Capstone Project — The Battle of Neighborhoods

4 min readDec 12, 2020

Introduction

Business problem

San Vendemiano is a town in the North of Italy. In recent years the city and the metropolitan area around it increased significantly in population, number venues and presence of tourists. Considering that this trend is going to continue in the future, a entrepreneur is contemplating to build a new restaurant in the area. We are going to help him, using a statistical analysis, by selecting the best neighborhood for his new restaurant.

Data

We will need a map of San Vendemiano and its surrounding. In order to build an index of attractiveness for each neighborhood we can use a list of venues provided by Foursquare. In particular a list of already present restaurant.

Data Sources

Foursquare API: list of venues and restaurants, with their coordinates (latitude and longitude) [1];
Openstreetmap: Map of the area [2]

Methodology

Configure the notebook and Data Collection

We need the following packages in python for the job.

In particular folium is used to plot the map, osmium to read and manipulate Openstreetmap files (.osm), geopy.geocoders is used to get the coordinates of San Vendemiano: 45.8907463°N , 12.3338437°E.

import pandas as pd
import requests   # to get urls
import numpy as np
import os
import matplotlib.cm as cm
import matplotlib.colors as colors
import matplotlib as mpl
import matplotlib.pyplot as plt
!pip install folium
import folium
!pip install osmium
import osmium as osm
from geopy.geocoders import Nominatim

As there is no clear definition of neighborhoods in the area we need to come up with our own: we will divide the area into a 10x10 grid where each cell has a size of ∼ 1 Km.

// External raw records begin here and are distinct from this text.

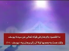 فإن البرهان الذي رءاه يوسف عليه السلام وجاء ذكره في قول الله تبارك وتعالى: وَلَقَدْ هَمَّتْ بِهِ وَهَمَّ بِهَا لَوْلا أَن رَّأَى بُرْهَانَ رَبِّهِ كَذَلِكَ لِنَصْرِفَ عَنْهُ السُّوءَ وَالْفَحْشَاء إِنَّهُ مِنْ عِبَادِنَا الْمُخْلَصِينَ [يوسف:24].
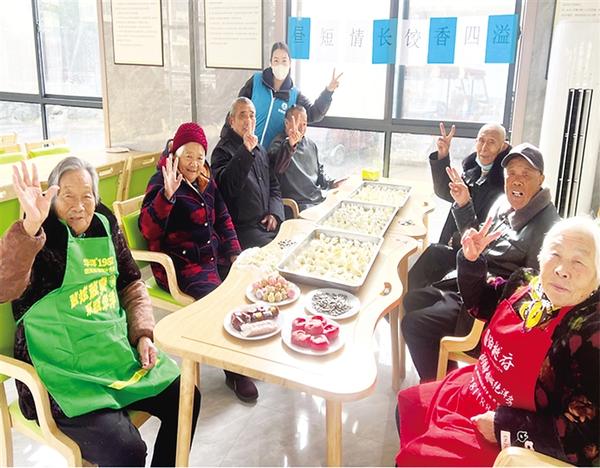 12月20日,在淮陽區第一養老服務中心,生活在這里的老人們和社工包完餃子后露出開心的笑容。
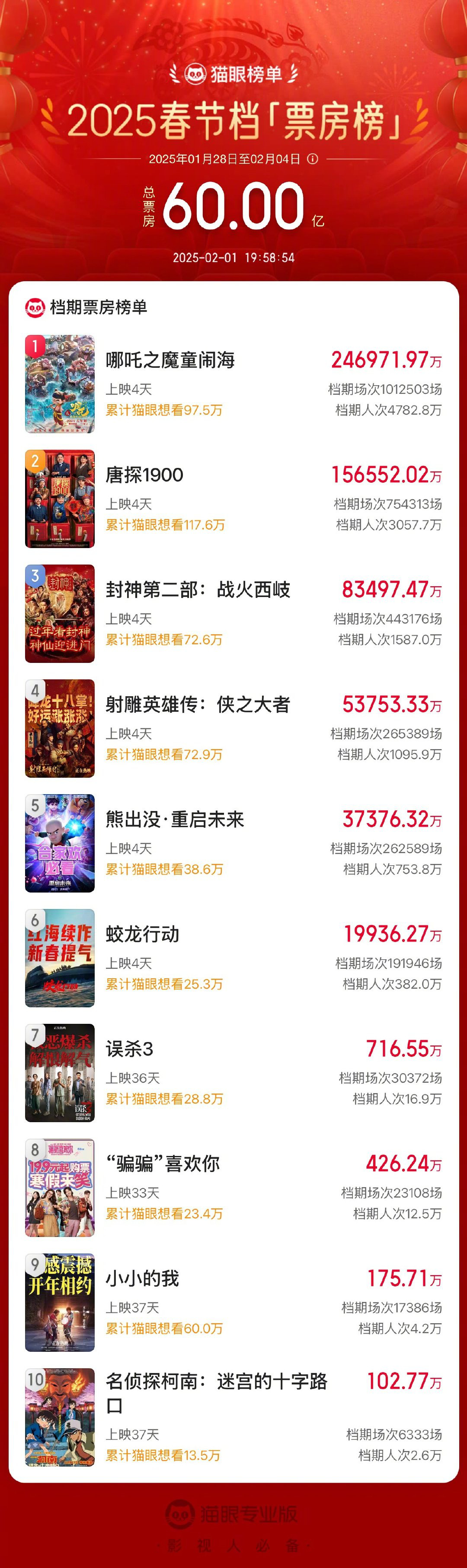 据猫眼专业版数据,2月1日19时58分,2025春节档总票房(含预售)破60亿!《哪吒之魔童闹海》《唐探1900》《封神第二部:战火西岐》分列春节档票房榜前三位。
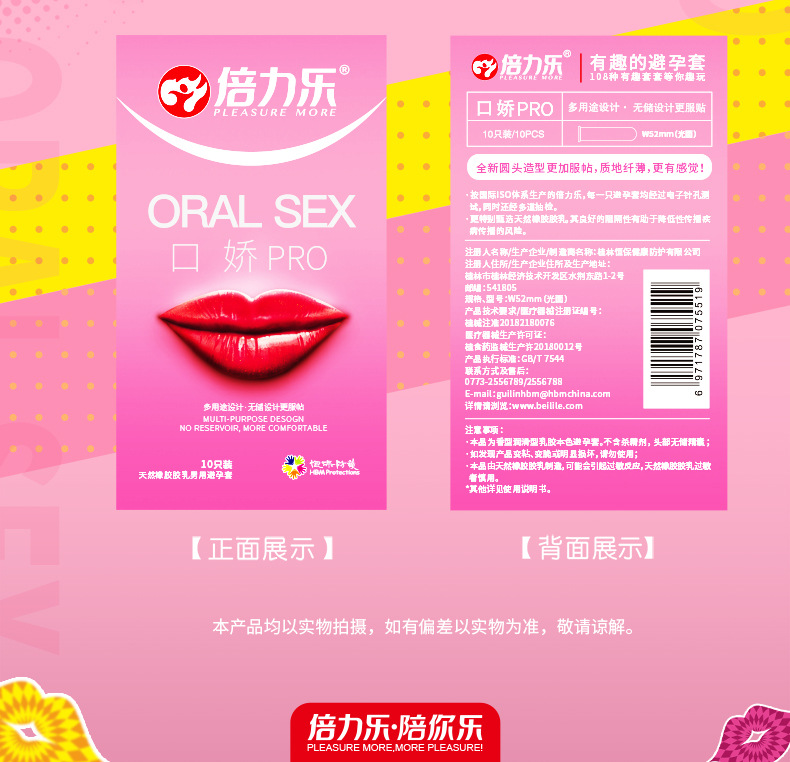 倍力乐第二代口交套 口娇套避孕套 口嗨·内颗粒套
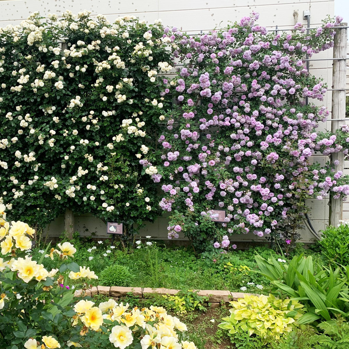 多くのガーデンに採用されていますが、販売元の京成バラ園メインガーデンの壁面は圧巻ですし、寒冷地の軽井沢レイクガーデンのオベリスク仕立ても見事でした。
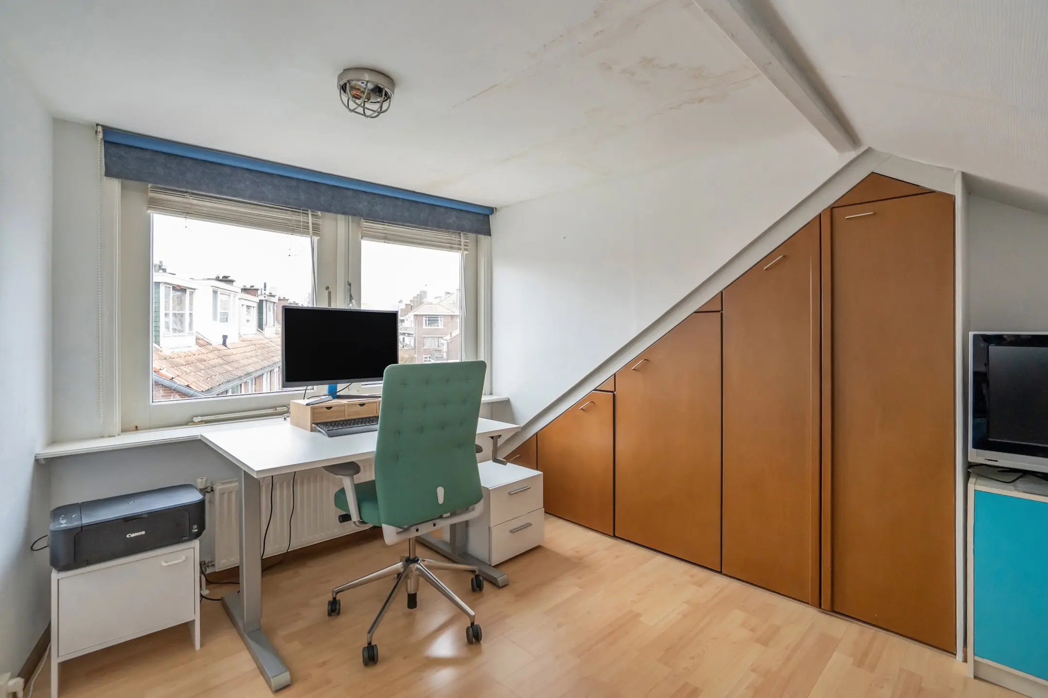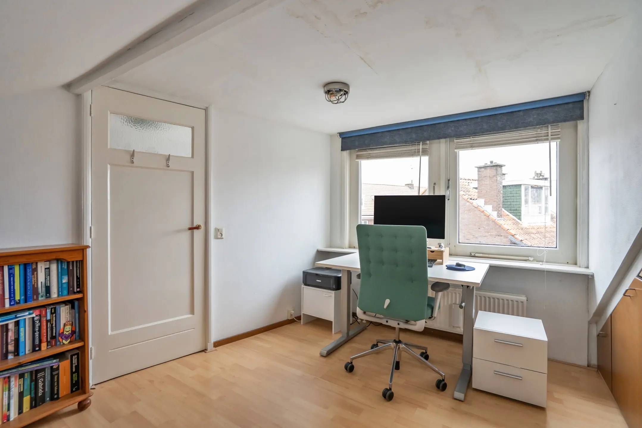 De tweede verdieping biedt nog meer ruimte. Op de overloop vind je de aansluiting voor de wasmachine, een wastafel en de opstelplaats van de cv-ketel (Intergas, 2012). De zolderkamer is ruim en licht en beschikt over veel bergruimte onder de schuine kap — een perfecte extra slaapkamer, werkruimte of hobbykamer.
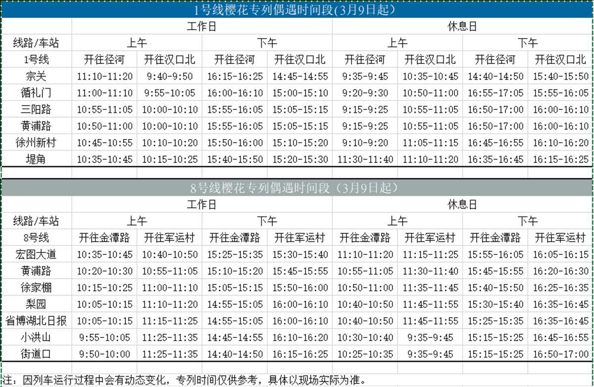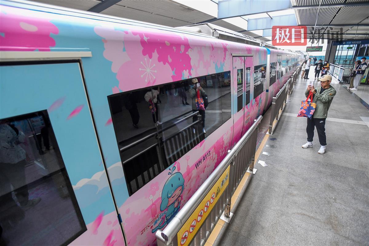 武汉“樱花地铁专列”将一直持续运营至4月30日,感兴趣的乘客,可根据已公布的站点专列停靠时间段前往打卡。
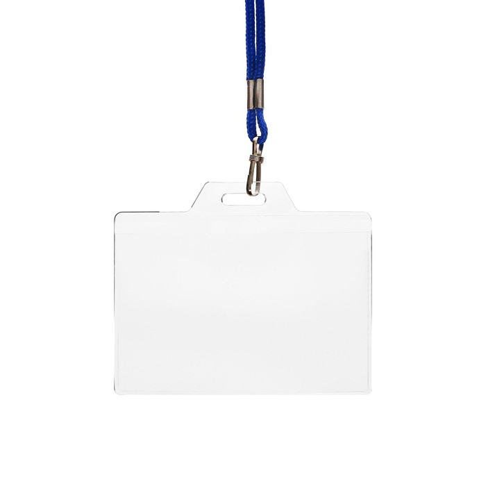Бейдж горизонтальный, внешний размер 94×80 мм, внутренний размер 87×54 мм, на синем шнурке 40 см — Характеристики
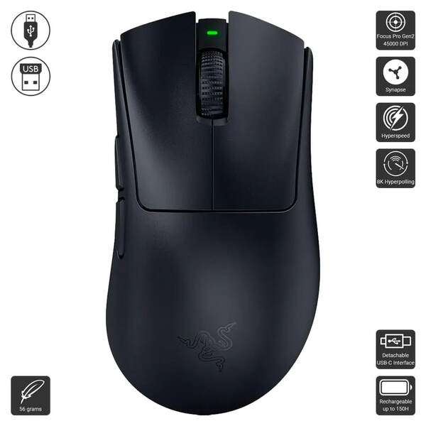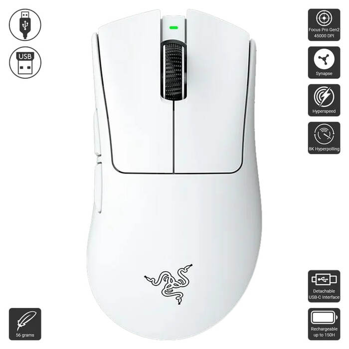 - 56 G* ULTRA-LIGHTWEIGHT DESIGN : Faster Swipes. Effortless Control. Re-engineered with weight optimizations and a smooth-touch finish, our latest DeathAdder gaming mouse is now more than 10% lighter than its predecessor.

Data Preprocessing: Creating Features

The criteria for choosing the best neighborhood are the following:

good connection with the city and the population, i.e. a residential area is better than a rural area;
high number of venues in the neighborhood, a signal that it can be more attractive;
low number of restaurants, so less competition.

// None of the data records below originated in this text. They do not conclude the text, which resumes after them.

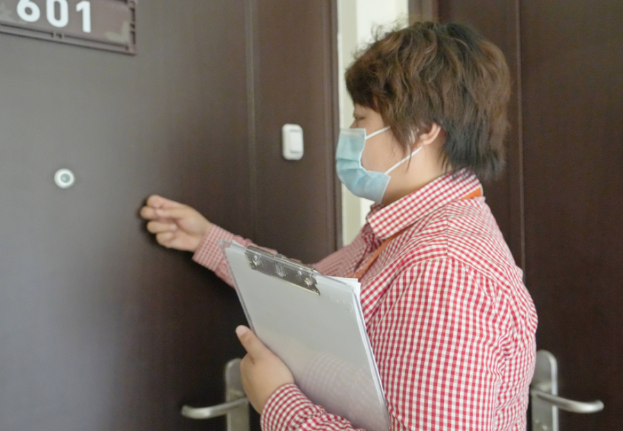 作为生活管家,郭彦红每天早晨上岗的第一件事,就是入户访视。封闭管理期间,子女不能探视,小郭便增加入户访视频次,尤其对于独居长辈,会给予特别关注。她就像是一本行走的“备忘录”,心里装满了长辈们的大事小事,长辈们总说利落能干的她“不是儿女胜似儿女”。
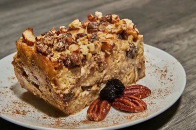 • Place a layer of bread in a baking dish. Add raisins and nuts.
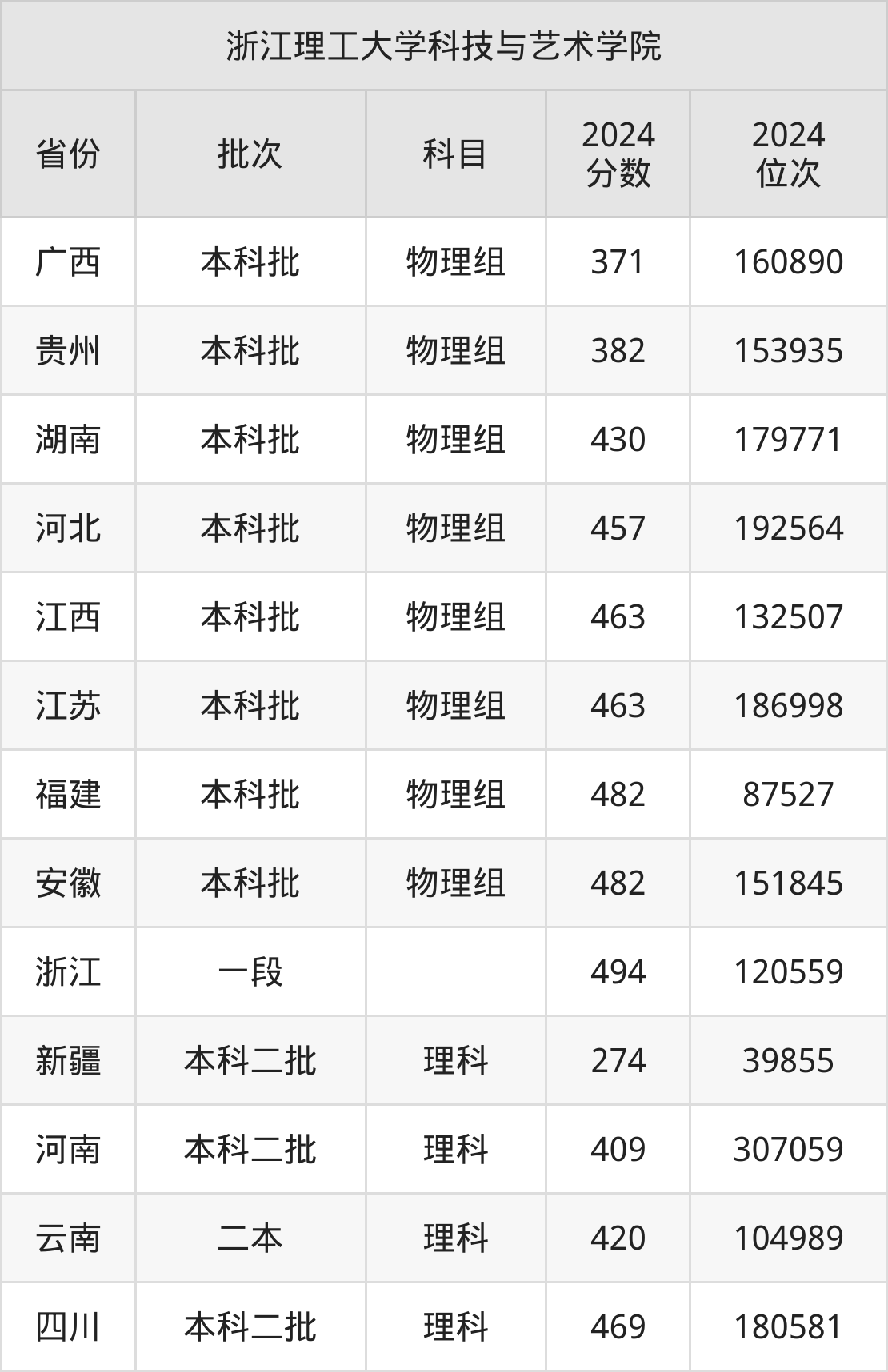 在广西本科批物理组,浙江理工大学科技与艺术学院的最低分是371、最低录取位次是160890名。在贵州本科批物理组,浙江理工大学科技与艺术学院的最低分是382、最低录取位次是153935名。

Regarding the first point, we can calculate an index of habitability from the number of highways in each neighborhood; these are provided by the Openstreetmap project [2].

A choropleth map indicating areas with higher number of highways (darker color).

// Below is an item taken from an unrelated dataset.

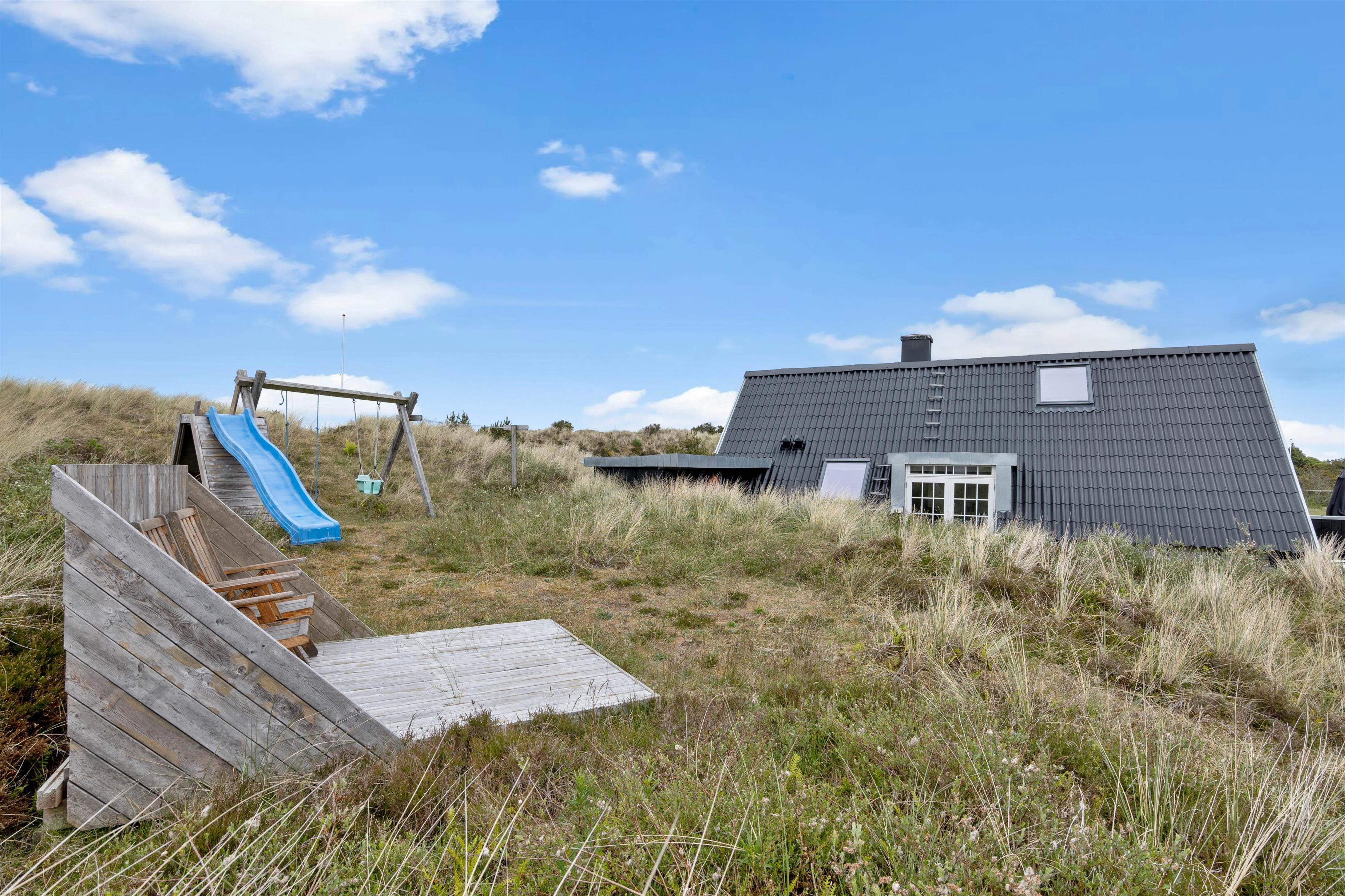 Det hyggelige sommerhus sætter rammerne for en enkel og afslappende ferie i smukke omgivelser, og fra balkonen på første etage kan I nyde udsigten ud over det unikke, klitbeklædte sommerhuslandskab.

The number of venues and restaurants can be downloaded using the Foursquare API [1]. Off all 226 found venues, 47 of them are some kind of restaurants.

Final Model and Visualization

Our final feature table looks like the following.

Feature table, all the useful data for each neighbor.

We can measure an index of attractiveness using the following formula:

attractiveness=highways × venues,

and order the neighbors from the most attractive to the least attractive.

As we can see neighbor = “33” is the third most attractive one but has zero restaurants. In conclusion, this is probably the best zone to build a new restaurant.

A choropleth map indicating the most attractive areas (darker color). Points are restaurants. White-delimited cell is the best neighborhood.

Results and Discussion

We have found a method to classify the map into neighborhoods of size 1km² . We have assigned to each neighborhood a score, called “attractiveness”, based on presence of highways and venues. By looking at the last table or figure, we can see that generally restaurants are in attractive neighborhood, so this proves that our model works. We can see that the third most attractive one, though, it has zero restaurants.

Conclusion

We can conclude that we have found a model that correlates well between attractiveness of neighborhoods and the presence of restaurants.

To answer our business problem, we can see that the best choice to build a new one would be in the neighbor highlighted in white in the last figure, since it doesn’t already have a restaurant.